+++ RECORDS TO PROCESS +++

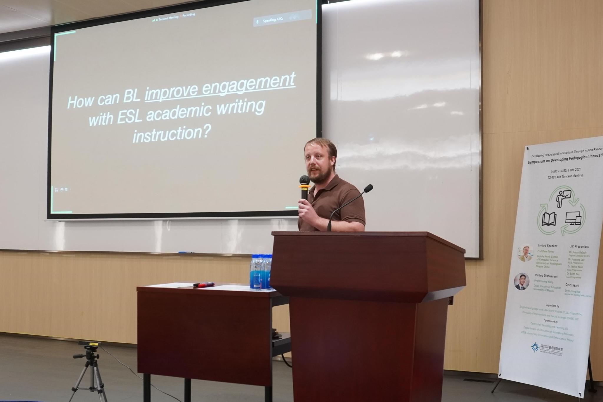 The Dean of the Division of Humanities and Social Sciences (DHSS), Prof. Adrian Bailey, offered opening remarks to begin the event. He pointed out, “It is important for higher education providers to keep up-to-date with the current trend of teaching with technology, so as to provide education that contributes to the development of China’s digital economy and society.”
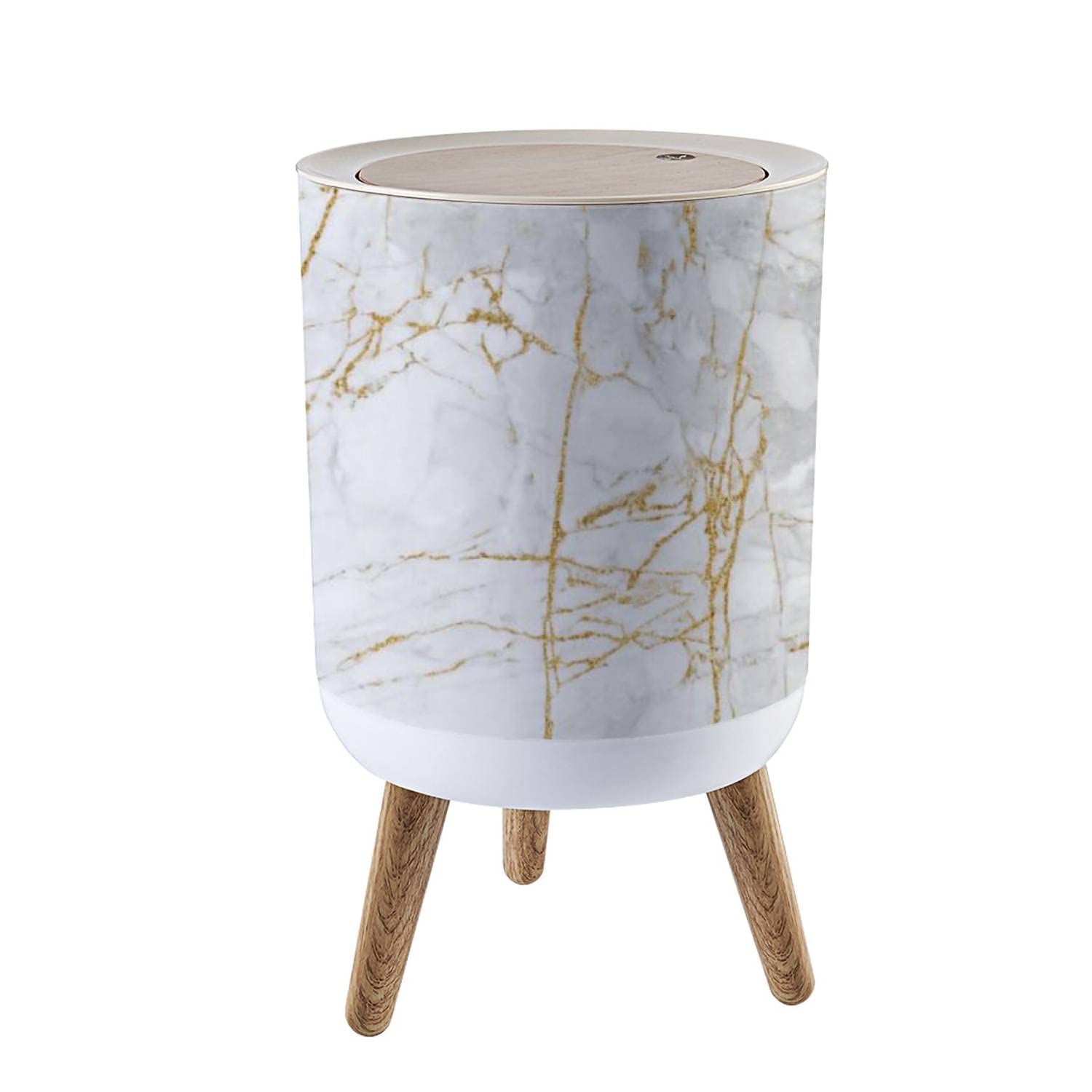 Bote de basura pequeño con tapa, fondo de textura de mármol de oro blanco con alta resolución, cubo de basura redondo, tapa de pre
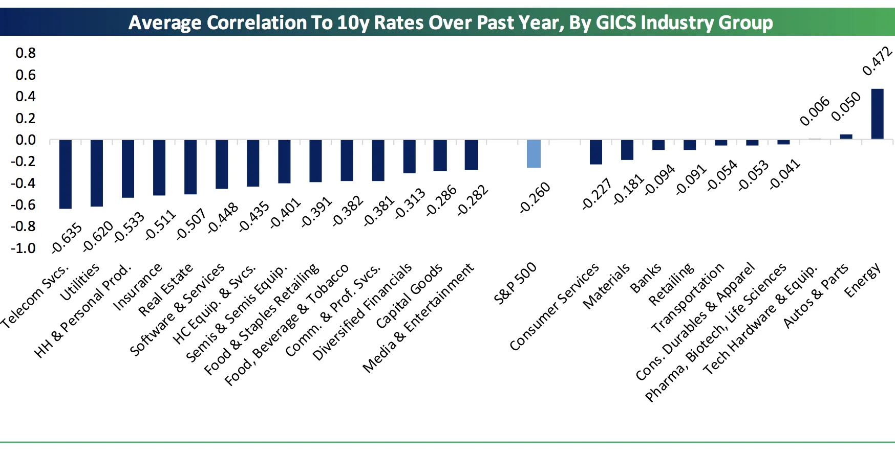 “在我们看来,科技公司面临上升收益率的风险是相当合理的,”他们写道。因此,对于更高的利率,像电信服务或软件和服务这样的行业应该被避免,而应选择能源,这将是近期趋势的一个相当戏剧性的逆转。”
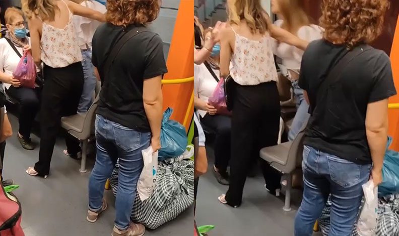 Taraflardan birinin metrodan inmesiyle tartışma son bulurken, o anlar metrodaki başka bir yolcunun cep telefonu kamerasına yansıdı.
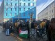Un presidio per i lavoratori e per la Palestina davanti alla sede di Smat di corso XI febbraio. La protesta organizzata dal sindacato Si Cobas e dal collettivo Colpo ha radunato alcuni attivisti in protesta contro la società partecipata del Comune di Torino che gestisce le risorse idriche della provincia.
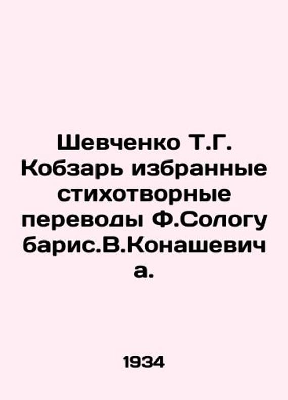 Shevchenko T.G. Kobzar Selected Poetry Translations by F.Sologubaris.V.Konashevich./Shevchenko T.G. Kobzar izbrannye stikhotvornye perevody F.Sologubaris.V.Konashevicha. L.: GIHL OGIZ, 1934.We have thousands of titles and often several copies of each title may be available. Please feel free to contact us for a detailed description of the copies available. SKUbd-e95e6128818e661c.
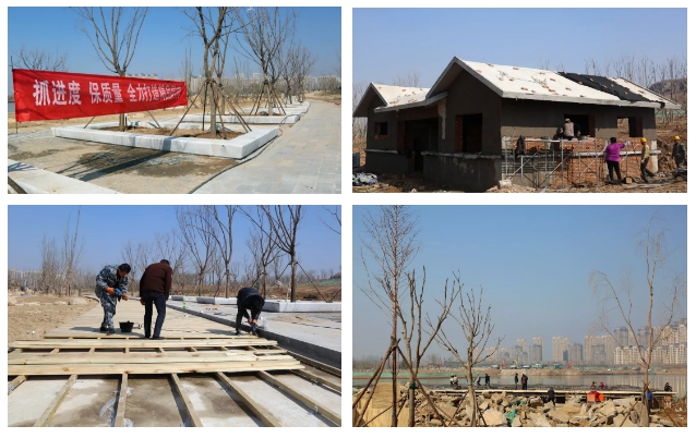 園林二期分為A、B兩個(gè)區(qū)域,功能性均為園林及濕地景觀,總面積約2257畝(不含覆綠項(xiàng)目),為確保五一達(dá)到開園條件,每天二期施工人數(shù)能達(dá)到600余人,目前正進(jìn)行園路及廣場鋪裝、公廁及售賣、駁岸、木棧道、挑臺、廊架、水榭等建設(shè)施工。“園區(qū)植物種類有百余種,櫻花、海棠、玉蘭等樹開花后能形成塊狀景觀帶,將為市民提供一個(gè)新的踏春好去處”,項(xiàng)目現(xiàn)場負(fù)責(zé)人表示。
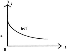 Возможна ситуация, когда наилучшей функцией по данному критерию будет признана прямая, однако, полученное на ее основе прогнозное значение будет отрицательным. Если из экономической сути показателя вытекает невозможность отрицательных значений (например, при прогнозировании объема выпускаемой продукции), то, естественно, следует отказаться от этой функции, выбрав менее "удачную" по данному критерию, но более соответствующую содержательному смыслу показателя. Например, более подходящей в этом случае может оказаться экспоненциальная кривая (8) (при значении параметра b < 1).
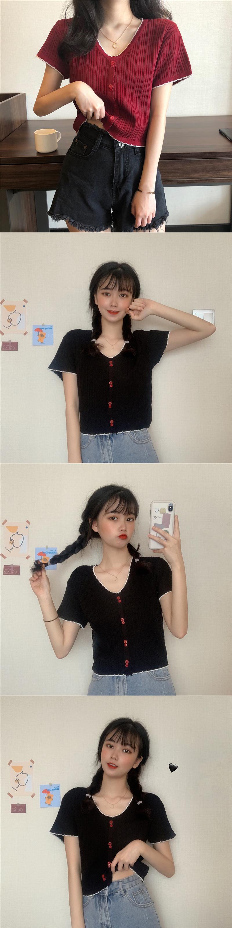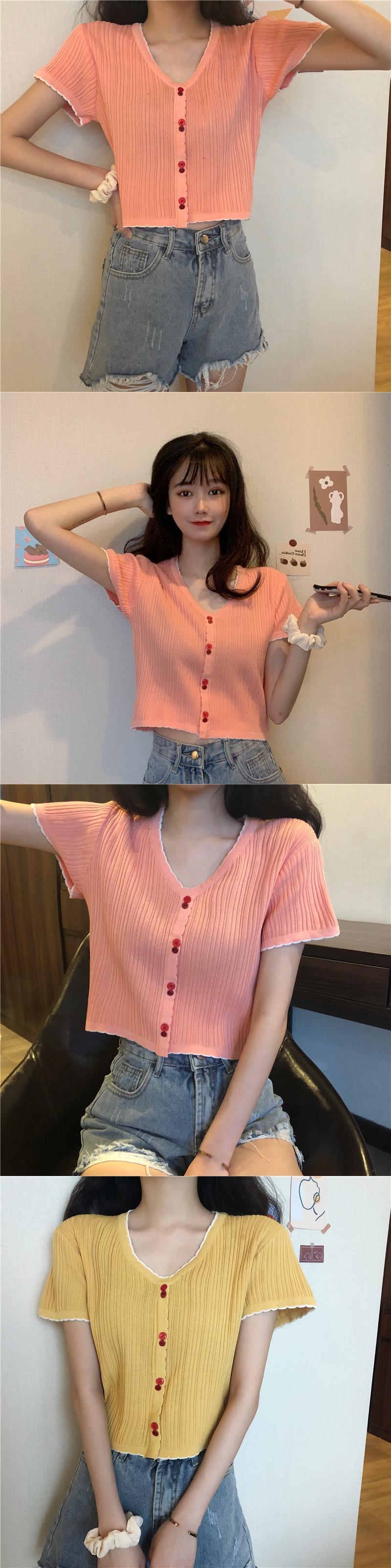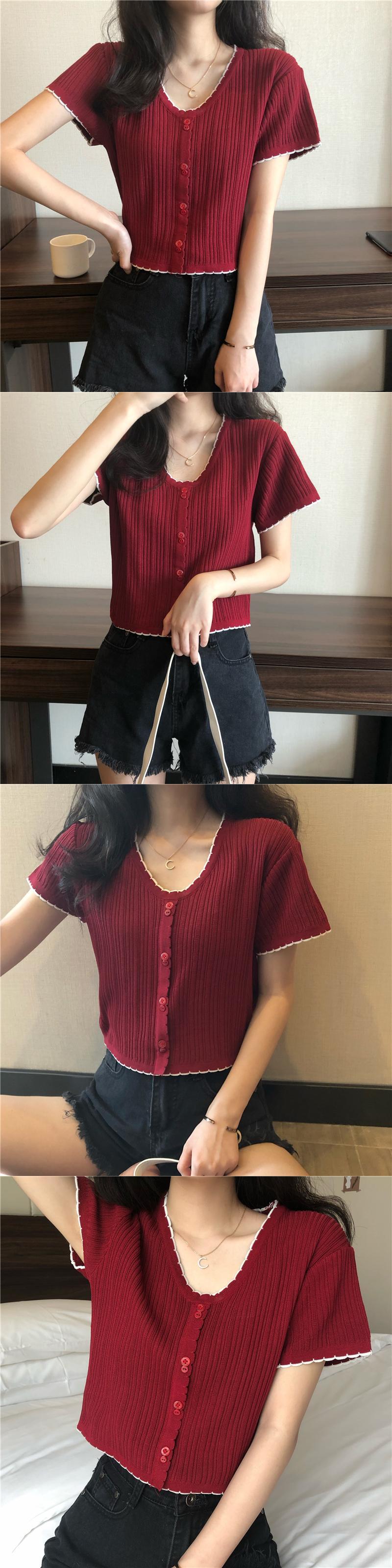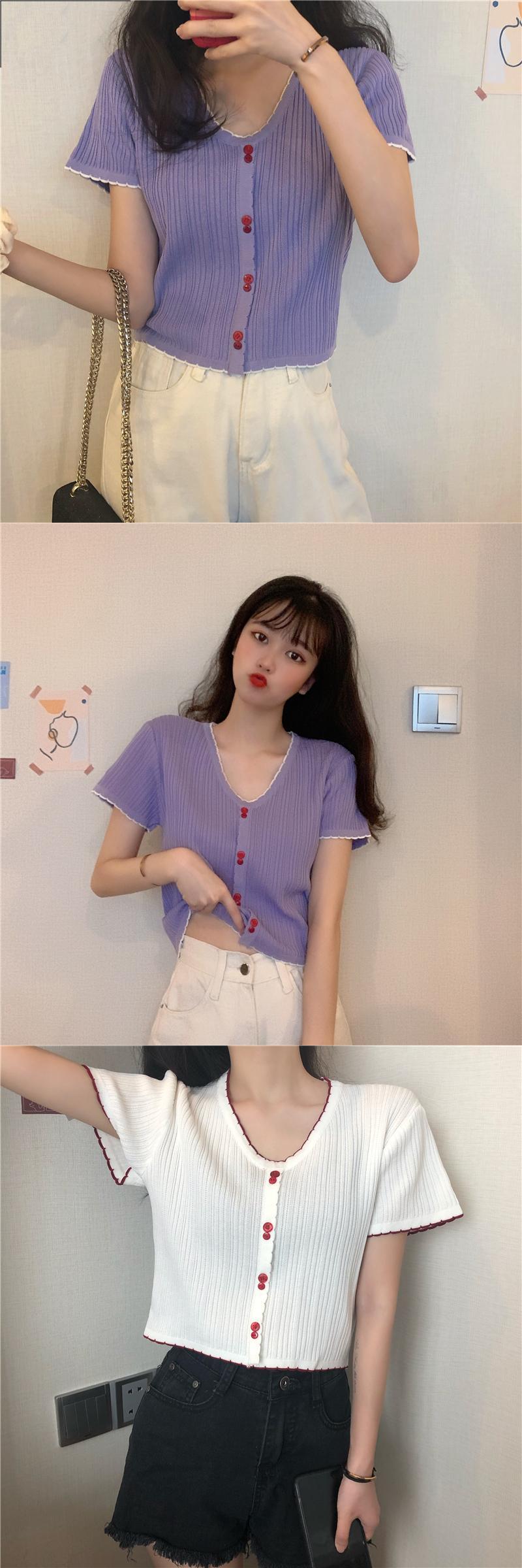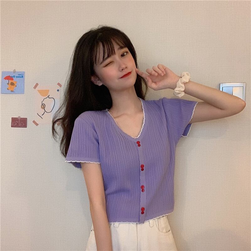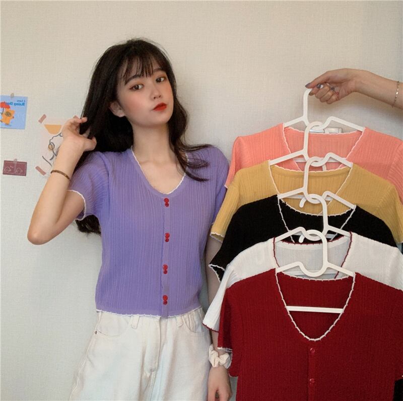 タイドブランド2022夏新作Vネックハイウエストショートハイエンドトップレディースアイスシルクニット半袖Tシャツレディース薄手 ハイウェスト サマー 夏物 7460013414149584 | framboise21
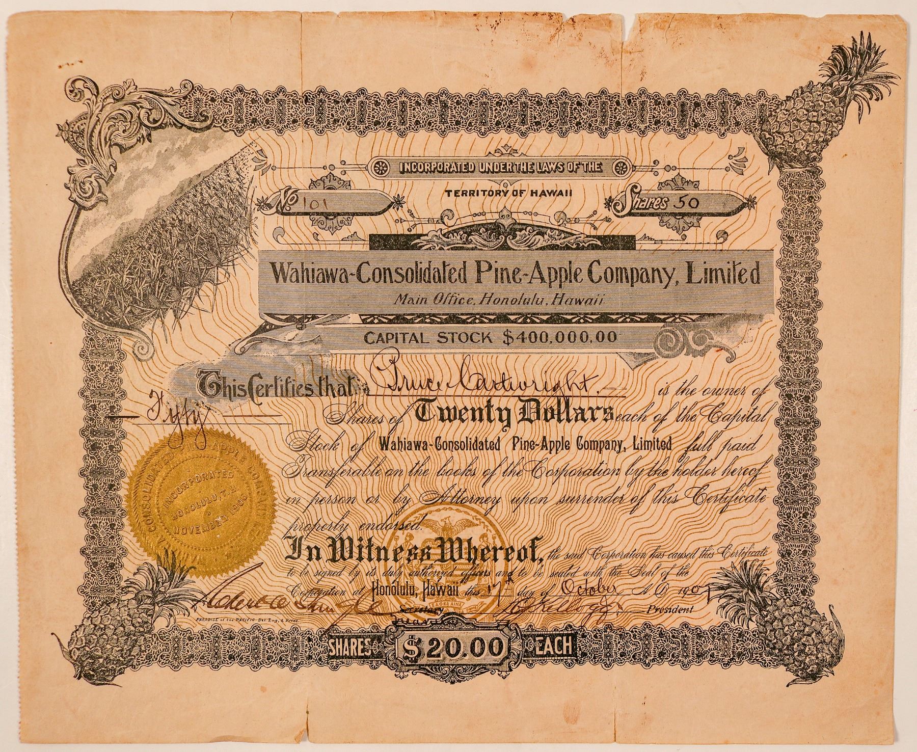 Inc. in the Territory of Hawaii. No. 101, issued for 50 shares to Bruce Cartwright on Oct. 17th, 1907 in Honolulu. Signed by president Kellogg and the treasurer (illegible). Black border with pineapple vignettes. Also vignette of pineapple field. Printed by Paradise of the Pacific. Heavy folds with tape repaired separation, soiling, etc. Please inspect. As-is. 9.25 x 11.25" Bruce Cartwright is the son of Alexander Cartwright, an important Hawaii figure and also known as the "father of baseball." The Wahiawa area is best known today for pineapple and was once the pineapple capital of the world. Ken Prag Collection
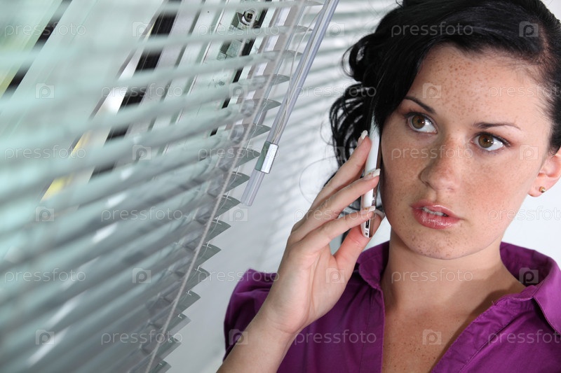 Женщина говорит по мобильному телефону, стоя у окна
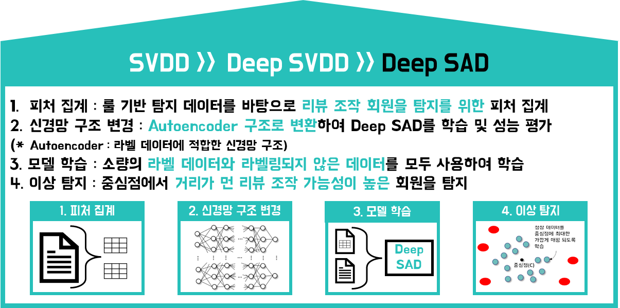 Deep SVDD에 라벨 데이터를 처리할 수 있는 부분을 추가한 알고리즘입니다.
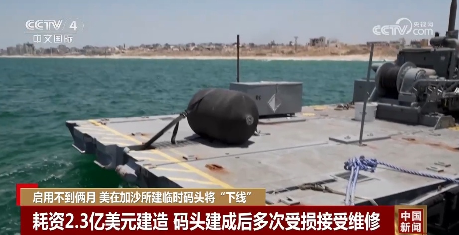 這座臨時碼頭5月中旬建成并投入使用。美國政府為其耗資2.3億美元,投入1000名美軍士兵、耗時2個月建造,原本預(yù)期在9月海水大漲時停用。但自投用以來,該碼頭多次被風(fēng)浪損壞并被拖走維修。

+++

» WORK INSTRUCTION:
Repeat exactly the stretch of the listing above that starts with the line holding "Taraflardan birinin metrodan" and finishes with the line holding "Un presidio per", both included. Skip every picture.

» OUTPUT OF THE TASK:
 Taraflardan birinin metrodan inmesiyle tartışma son bulurken, o anlar metrodaki başka bir yolcunun cep telefonu kamerasına yansıdı.
Un presidio per i lavoratori e per la Palestina davanti alla sede di Smat di corso XI febbraio. La protesta organizzata dal sindacato Si Cobas e dal collettivo Colpo ha radunato alcuni attivisti in protesta contro la società partecipata del Comune di Torino che gestisce le risorse idriche della provincia.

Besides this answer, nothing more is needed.